Practical selection guidance
A common recommendation is to include at least two independent bibliographic databases so retrieval bias is reduced. For example, in many medical reviews, teams pair PubMed with Embase or Web of Science (depending on institutional access and the clinical question).
OpenAlex is especially useful when you want broad, multidisciplinary coverage and easier programmatic access. It also surfaces a large share of gray literature—for example preprints that are not yet formally published in a peer-reviewed journal—which can matter for fast-moving topics (such as work on large language models) where delaying until full publication would miss important evidence.
From concepts to a search query
Each database expects searches to be expressed in its own syntax and field rules. That expression is your search query. Building one is usually a multistep process.
- Identify the main concepts implied by the research question. For example, for “The use of AI in diabetic retinopathy screening,” core concepts might be: AI, diabetic retinopathy, and screening.
- Expand each concept with synonyms and related terms that authors might have used in titles, abstracts, or keywords. The goal is sensitivity: retrieve relevant studies even when terminology differs. For the AI concept, examples include: machine learning (ML), automated systems, automation, neural networks, deep learning, natural language processing (NLP), cognitive computing, intelligent agents, computer vision, and knowledge representation—always tailored to what fits your question and database.
- Assemble the database-specific query using those terms, Boolean operators, proximity or phrase rules, and field limits as required by each platform (for example MeSH in PubMed versus Emtree in Embase).

How AIPRA helps
AIPRA can suggest concepts and synonym lists starting from your research question. When you select a database in the workflow, it can also help draft a query aligned with that source’s typical syntax— which you should still validate against the live database and your information specialist’s advice.

In practice, you will usually run the search yourself in each database’s native interface: open the site, paste or adapt the query copied from AIPRA, run the search, export the records your protocol specifies, and upload those exports into AIPRA’s database area for the project so screening and deduplication stay centralized.

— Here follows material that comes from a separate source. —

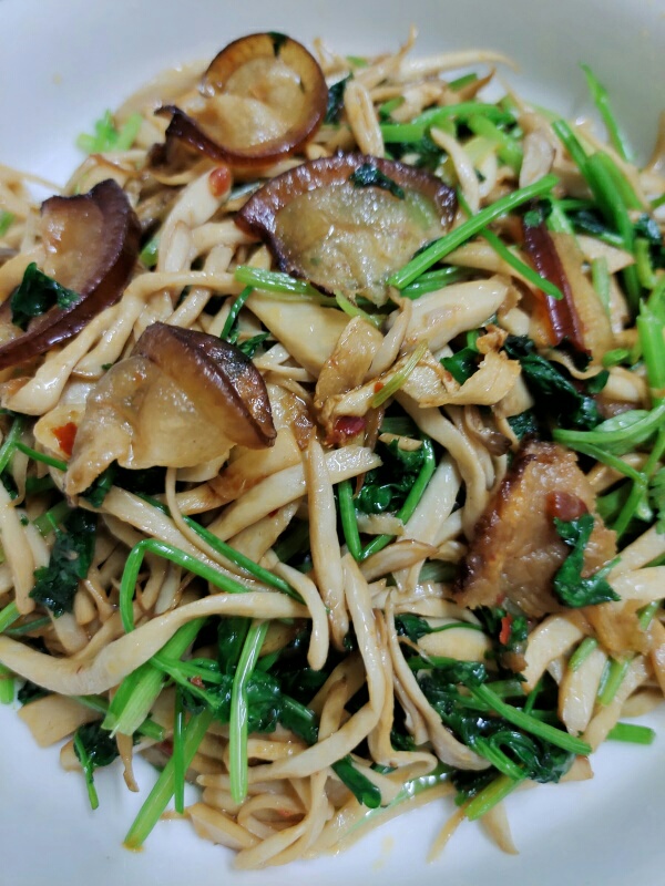 1.腊肉切薄片,(没有可用五花肉)杏鲍菇切丝备用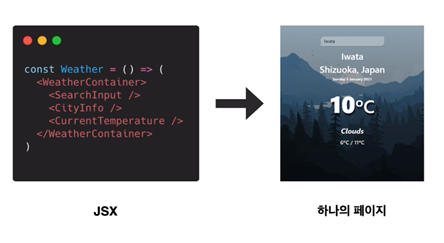 한 페이지를 보여주기 위해 HTML/CSS/JS로 나눠서 적기 보다는 하나의 파일에 명시적으로 작성할 수 있게 JSX를 활용한 선언형 프로그래밍 지향

Deduplication across databases
Searching multiple databases almost always retrieves the same article more than once when it is indexed in several places. AIPRA runs a deduplication pass using unique identifiers such as DOI and PMID, which catches most duplicate records automatically.
Identifier-based matching is strong but not perfect; a small number of duplicates may still appear during screening (for example when metadata differs between exports). Teams should plan to resolve those remaining duplicates as part of title/abstract or full-text review.
For methodological context on deduplication in systematic reviews, see the Cochrane Handbook section on deduplication: Cochrane Handbook — duplicate reports and deduplication.